- Your goal
After locating the line that contains "Outlookではメールに「" in the records below, write out exactly that line and each line after it through the one that contains "Antique Solid Cast", and nothing else.

- Data for this exercise
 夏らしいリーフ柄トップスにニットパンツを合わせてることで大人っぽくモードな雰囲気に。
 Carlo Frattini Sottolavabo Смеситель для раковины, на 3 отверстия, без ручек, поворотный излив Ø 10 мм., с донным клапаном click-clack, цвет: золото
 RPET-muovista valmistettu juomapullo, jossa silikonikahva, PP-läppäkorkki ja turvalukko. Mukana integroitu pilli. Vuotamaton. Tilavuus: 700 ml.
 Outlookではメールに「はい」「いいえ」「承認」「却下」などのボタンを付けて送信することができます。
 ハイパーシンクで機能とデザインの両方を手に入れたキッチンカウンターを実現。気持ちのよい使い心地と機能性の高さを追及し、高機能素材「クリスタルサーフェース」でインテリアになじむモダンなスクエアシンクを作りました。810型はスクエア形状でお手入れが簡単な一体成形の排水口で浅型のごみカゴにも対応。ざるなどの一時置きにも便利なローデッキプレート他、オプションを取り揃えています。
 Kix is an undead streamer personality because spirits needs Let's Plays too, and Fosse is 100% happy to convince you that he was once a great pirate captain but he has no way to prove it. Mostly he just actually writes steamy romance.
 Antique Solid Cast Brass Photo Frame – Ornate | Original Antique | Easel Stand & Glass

--

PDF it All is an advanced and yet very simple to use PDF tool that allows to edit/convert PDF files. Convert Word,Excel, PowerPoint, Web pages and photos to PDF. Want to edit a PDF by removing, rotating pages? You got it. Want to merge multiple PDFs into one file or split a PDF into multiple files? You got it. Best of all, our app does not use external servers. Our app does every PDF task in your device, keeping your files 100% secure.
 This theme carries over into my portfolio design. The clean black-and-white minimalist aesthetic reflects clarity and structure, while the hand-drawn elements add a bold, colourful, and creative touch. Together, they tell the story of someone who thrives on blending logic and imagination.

---

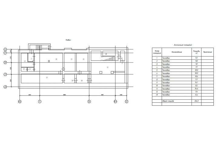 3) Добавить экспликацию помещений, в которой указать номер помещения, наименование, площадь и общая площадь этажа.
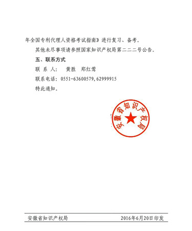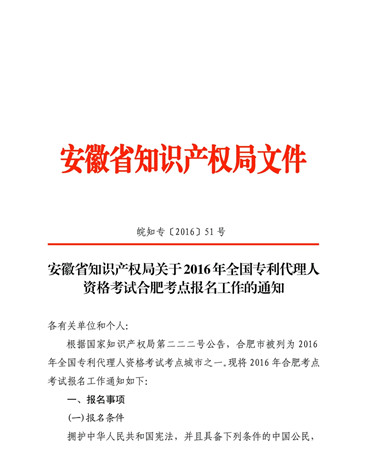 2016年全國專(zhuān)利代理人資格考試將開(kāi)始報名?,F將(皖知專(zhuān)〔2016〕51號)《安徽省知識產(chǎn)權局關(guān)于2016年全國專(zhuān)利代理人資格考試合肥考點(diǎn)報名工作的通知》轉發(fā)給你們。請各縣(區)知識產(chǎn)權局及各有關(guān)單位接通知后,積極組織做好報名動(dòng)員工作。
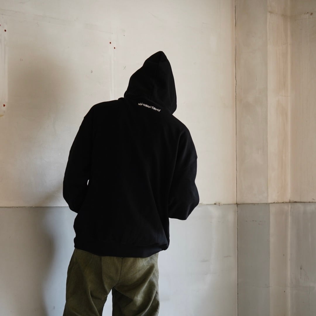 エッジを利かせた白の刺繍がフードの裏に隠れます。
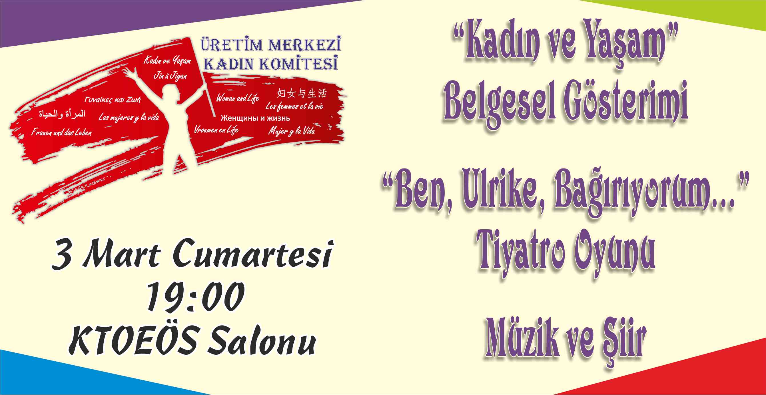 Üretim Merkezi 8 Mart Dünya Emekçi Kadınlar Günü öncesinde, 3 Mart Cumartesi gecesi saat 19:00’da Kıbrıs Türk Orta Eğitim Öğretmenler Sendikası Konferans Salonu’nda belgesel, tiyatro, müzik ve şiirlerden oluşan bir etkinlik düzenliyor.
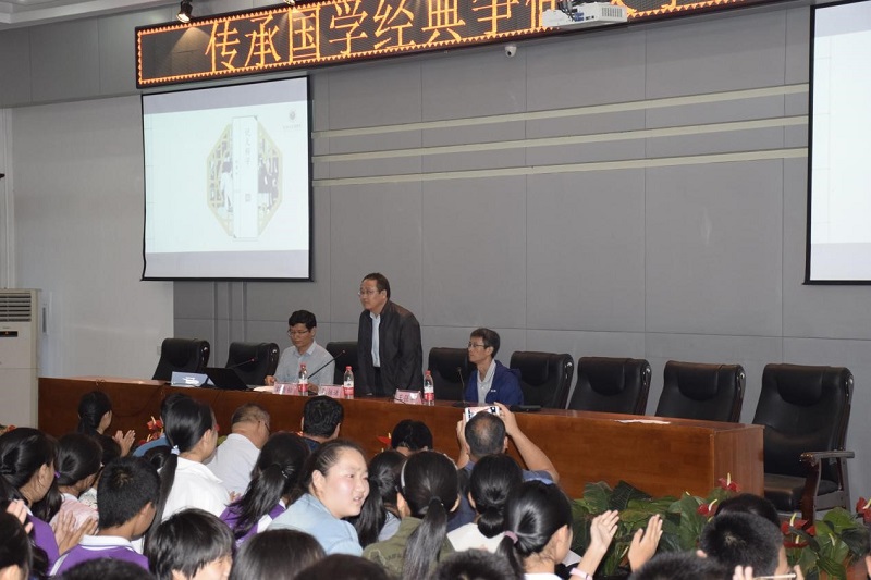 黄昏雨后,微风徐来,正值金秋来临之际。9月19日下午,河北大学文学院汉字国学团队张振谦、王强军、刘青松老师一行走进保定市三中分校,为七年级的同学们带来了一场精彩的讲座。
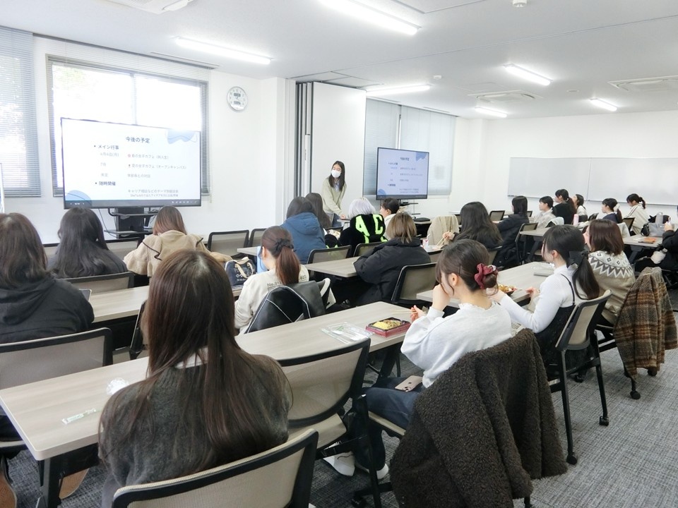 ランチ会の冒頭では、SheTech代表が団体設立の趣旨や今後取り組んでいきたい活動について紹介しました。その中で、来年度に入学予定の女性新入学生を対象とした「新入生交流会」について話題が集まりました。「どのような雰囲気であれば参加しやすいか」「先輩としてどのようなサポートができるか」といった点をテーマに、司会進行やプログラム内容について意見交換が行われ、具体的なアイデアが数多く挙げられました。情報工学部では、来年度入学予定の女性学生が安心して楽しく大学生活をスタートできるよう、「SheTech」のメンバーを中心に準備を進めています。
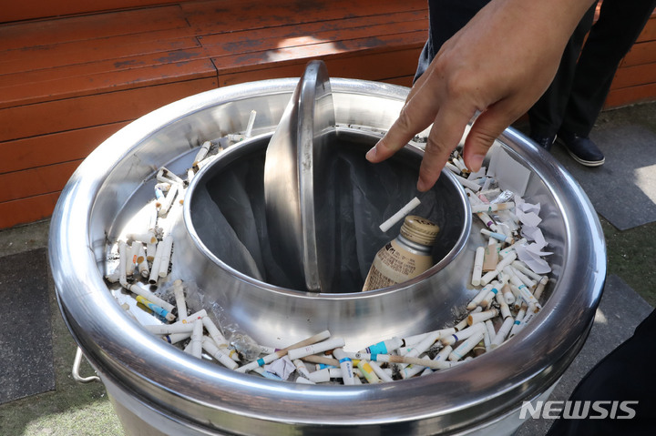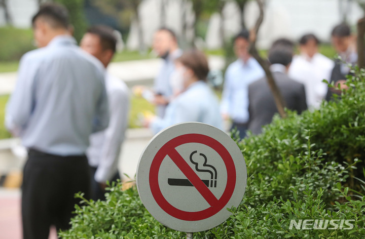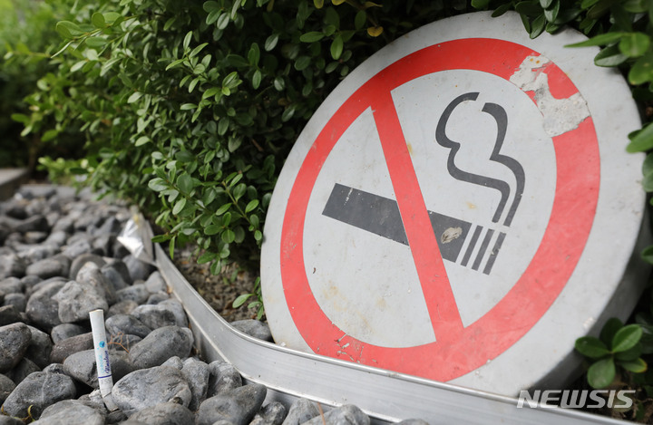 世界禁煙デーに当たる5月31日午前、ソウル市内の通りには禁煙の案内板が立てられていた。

- Result of this exercise
 Outlookではメールに「はい」「いいえ」「承認」「却下」などのボタンを付けて送信することができます。
 ハイパーシンクで機能とデザインの両方を手に入れたキッチンカウンターを実現。気持ちのよい使い心地と機能性の高さを追及し、高機能素材「クリスタルサーフェース」でインテリアになじむモダンなスクエアシンクを作りました。810型はスクエア形状でお手入れが簡単な一体成形の排水口で浅型のごみカゴにも対応。ざるなどの一時置きにも便利なローデッキプレート他、オプションを取り揃えています。
 Kix is an undead streamer personality because spirits needs Let's Plays too, and Fosse is 100% happy to convince you that he was once a great pirate captain but he has no way to prove it. Mostly he just actually writes steamy romance.
 Antique Solid Cast Brass Photo Frame – Ornate | Original Antique | Easel Stand & Glass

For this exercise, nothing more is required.